If You're Feeling Sinister
Belle and Sebastian
Jeepster
18 November 1996

“Old sad bastard music”—that’s Jack Black’s pejorative summary of Belle and Sebastian‘s music in the 2000 film High Fidelity. The Glasgow group’s reputation as tender, knit-wearing mommas’ boys certainly precedes them. But anyone who’s ever listened to their seminal 1996 release If You’re Feeling Sinister, which has its 25th birthday this November, knows that there’s much more to B&S than meets the eye. And those that write off their whimsical melancholia, their orchestral-imbued indie rock, as milk-mustache folk are missing out.

It’s no secret that the members of Belle and Sebastian are not called Belle or Sebastian. The closest they get is their cellist between 1996 and 2002, Isobel Campbell. Like their Scottish neighbors in Cocteau Twins—who aren’t twins—Belle and Sebastian are, naturally, mistaken for a duo. In actuality, Belle is a Pyrenees Mountain Dog, and Sebastian (Sébastien), a six-year-old boy. The group are a seven-strong ensemble led by chief songwriter Stuart Murdoch. Literature is front and center, then, even before we hear any lyrics. In the case of the band name, it’s Cécile Aubry’s 1966 novel about a young boy and his dog who lived in the French Alps during World War II that lends its title (Murdoch was a fan of the television adaptation). 

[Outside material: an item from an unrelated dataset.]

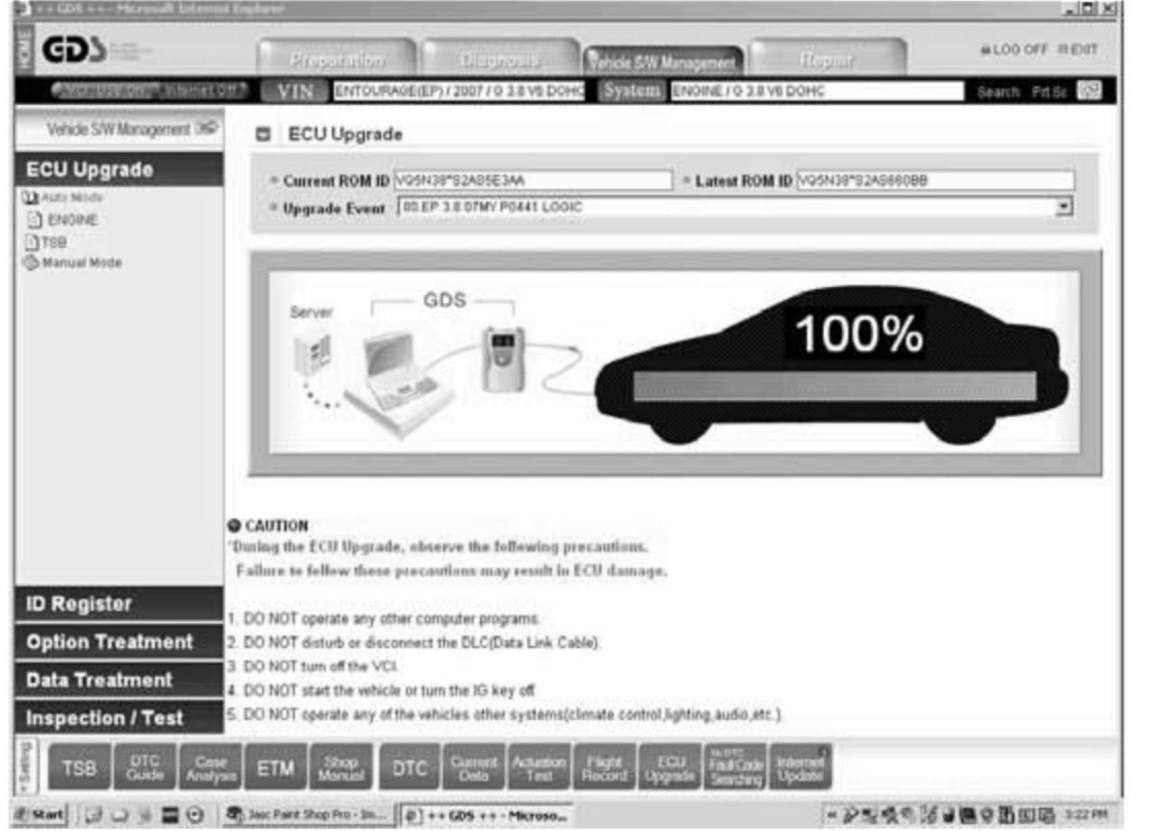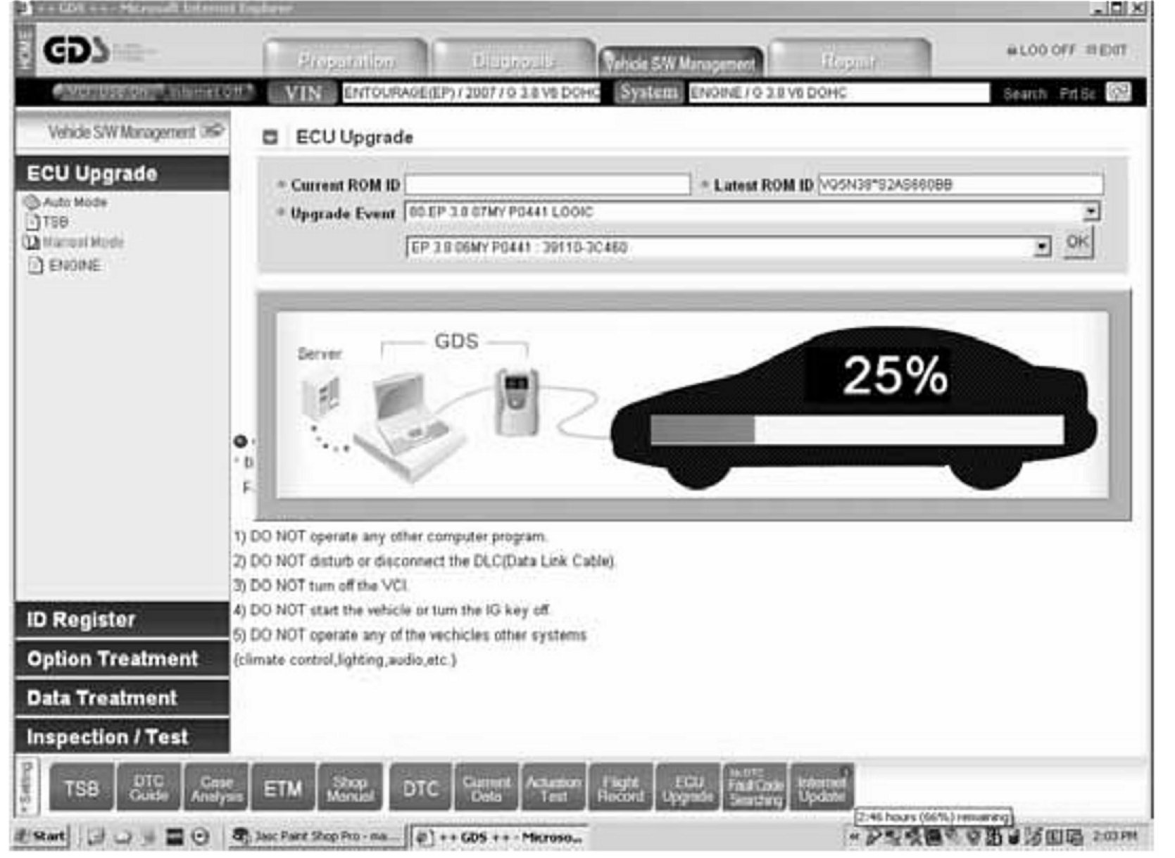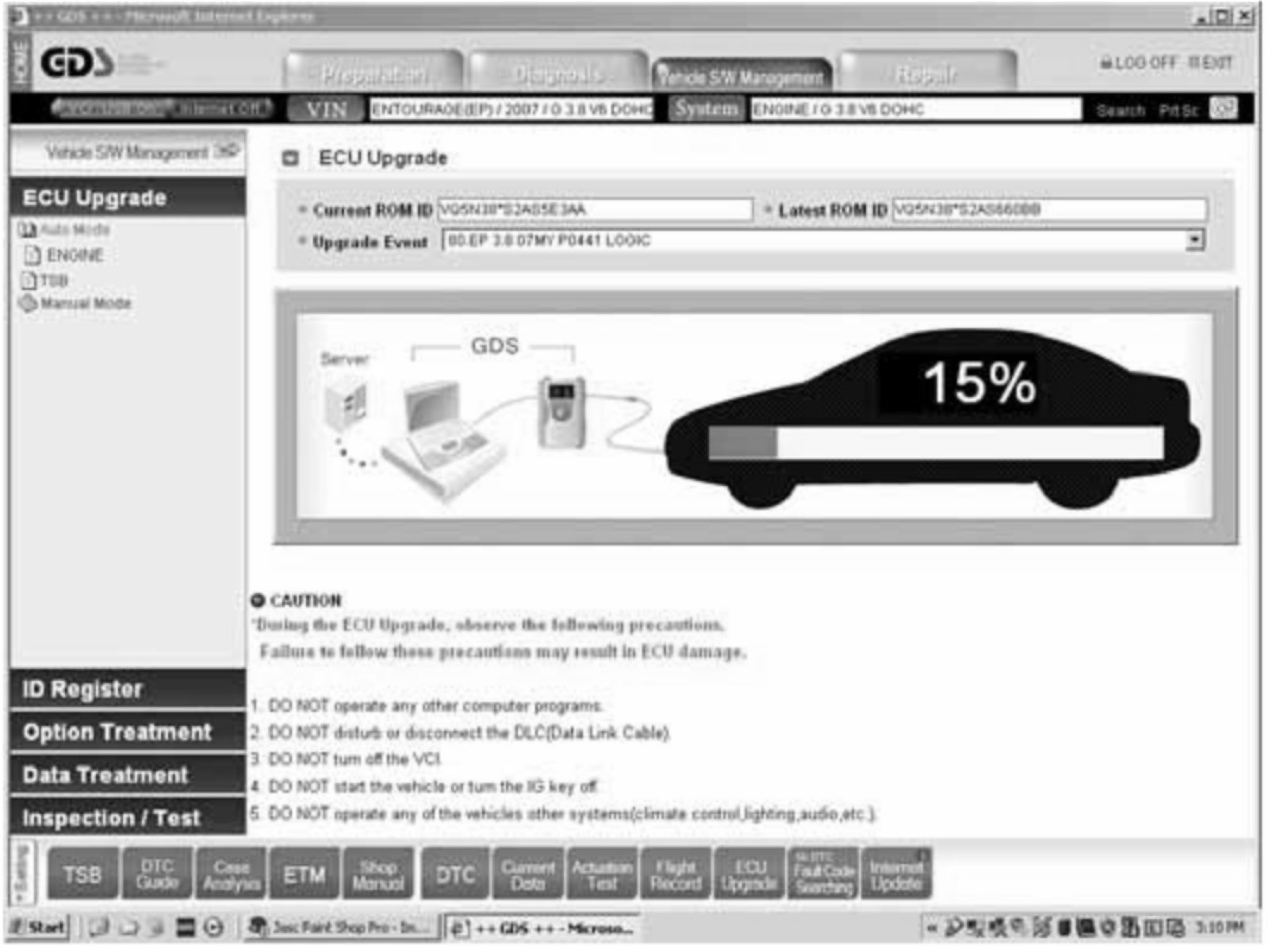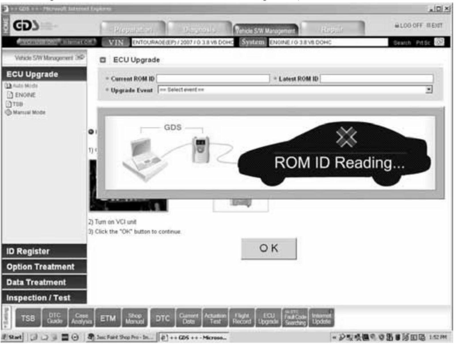 8. The following screen occurs as GDS is reading the present ECU ROM ID: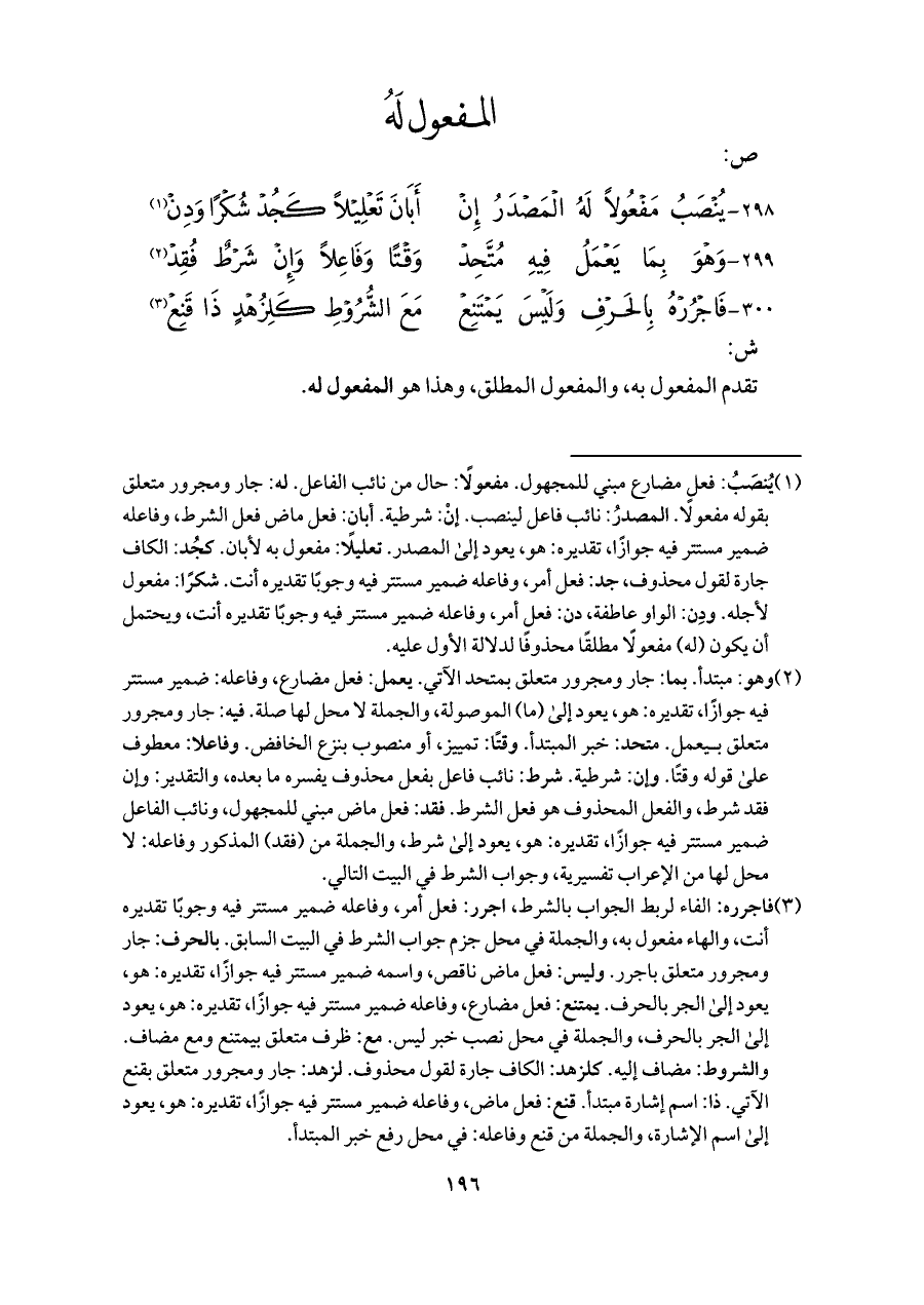 (¬١) يُنصَبُ: فعل مضارع مبني للمجهول. مفعولًا: حال من نائب الفاعل. له: جار ومجرور متعلق بقوله مفعولًا. المصدرُ. نائب فاعل لينصب: إنْ: شرطية: أبان: فعل ماض فعل الشرط، وفاعله ضمير مستتر فيه جوازًا، تقديره: هو، يعود إلى المصدر. تعليلًا: مفعول به لأبان. كجُد: الكاف جارة لقول محذوف، جد: فعل أمر، وفاعله ضمير مستتر فيه وجوبًا تقديره أنت. شكرًا: مفعول لأجله. ودِن: الواو عاطفة، دن: فعل أمر، وفاعله ضمير مستتر فيه وجوبًا تقديره أنت، ويحتمل أن يكون (له) مفعولًا مطلقًا محذوفًا لدلالة الأول عليه.

Murdoch’s prose predilection makes it to the cover of Sinister. The red-hued artwork features a poorly lit photograph of his ‘buddy in illness’, Ciara MacLaverty—they both have chronic fatigue syndrome—resting beside a hardback copy of Kafka’s The Trial. In the album’s sleeve notes, Murdoch notes that MacLaverty’s father was a writer with an impressive home library. He used to offer recommendations to Stuart, the young bibliophile, whenever he’d visit. The day that Murdoch snapped the picture that would be the cover of his band’s masterstroke, the novel on the menu was Kafka’s mysterious tale of a man arrested without explanation and forced to stand an unfair trial. 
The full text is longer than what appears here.